Martin Chuzzlewit is one of Charles Dickens' earlier novels. Old Martin is a very unappealing character, avaricious and sneaky, and in speaking of him Dickens remarks that in some people there is a naivety or duplicity of cunning, by which he meant that often cunning people believe that they are the only ones who operate that way and are often tripped up by the very people they think they are outwitting. Thus, Martin is ruined by a shyster who he, Martin, thinks he is taking advantage of.

 

I thought of this last week when a customer of mine was lamenting to me a very poor transaction that he had gotten himself into. He wanted to sell off a large group of US postage from his holdings and prepared an inventory. He found a dealer who promised to pay 90% of the face value of the postage.
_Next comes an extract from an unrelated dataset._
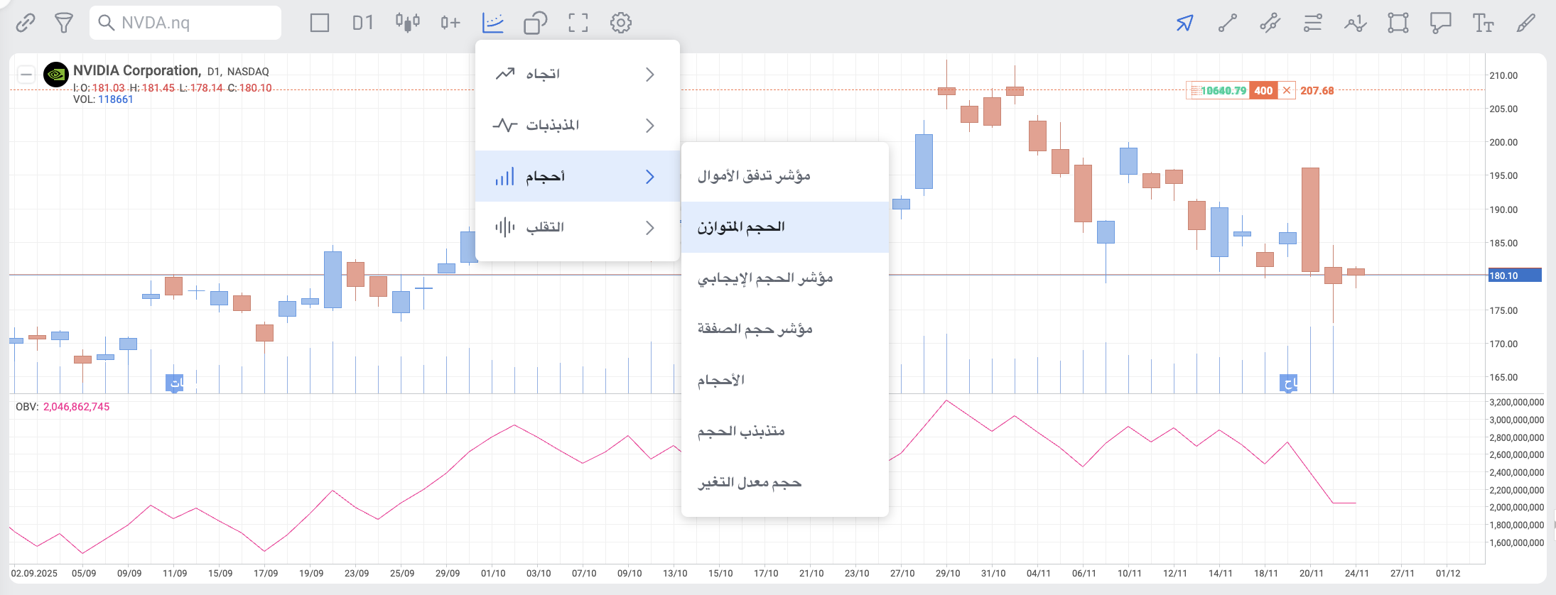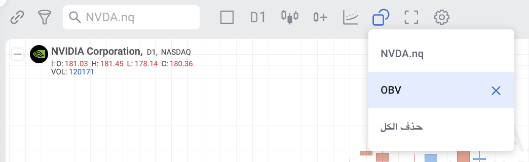 يقيس مؤشر On Balance Volume (OBV) قوة الشراء والبيع كمؤشر تراكمي يضيف حجم التداول في الأيام الصاعدة ويطرح حجم التداول في الأيام الهابطة. تم تطوير OBV بواسطة جو جرانويل وقدم في كتابه لعام 1963 Granville's New Key to Stock Market Profits. كان من أوائل المؤشرات التي تقيس تدفق الحجم الإيجابي والسلبي. يمكن للمحللين الفنيين البحث عن التباينات بين OBV والسعر لتوقع تحركات السعر، أو استخدام OBV لتأكيد اتجاهات الأسعار.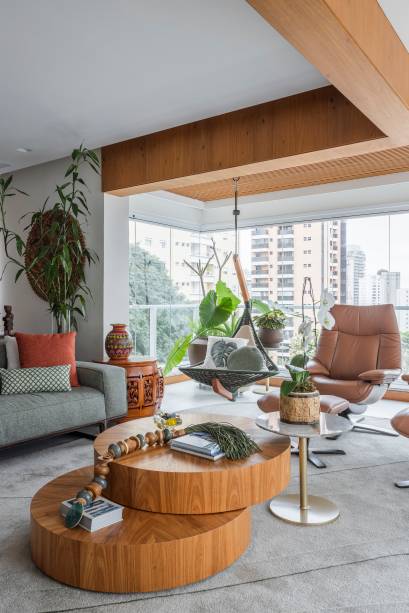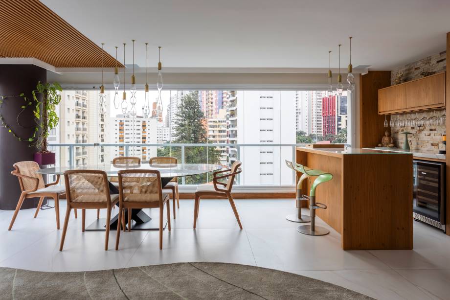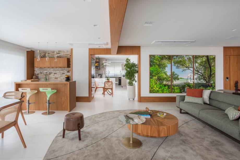 A arquiteta Carol Gonçalves, do escritório Tatu Arquitetura, apostou em mobiliário com formas orgânicas e ambientes integrados

Now, alarm bells should have gone off in my friend's mind, questioning why someone in the field would pay 90% for something that he could buy in almost unlimited quantities for 70%. But my friend was blinded by his cunning from seeing the cunning of others. Long story short, he sold the postage and later when he added up the face value from the inventory he had prepared (why he didn't do this before he sold the lot I don't understand) he found he had received 30% from the seller not 90%. This is yet another story of the "no free lunch" "if something sounds too good to be true it probably is" trope that the vast majority of us learn as children. For me though, it was Charles Dickens who first showed me how it is that those who think they are duping others are often duped themselves.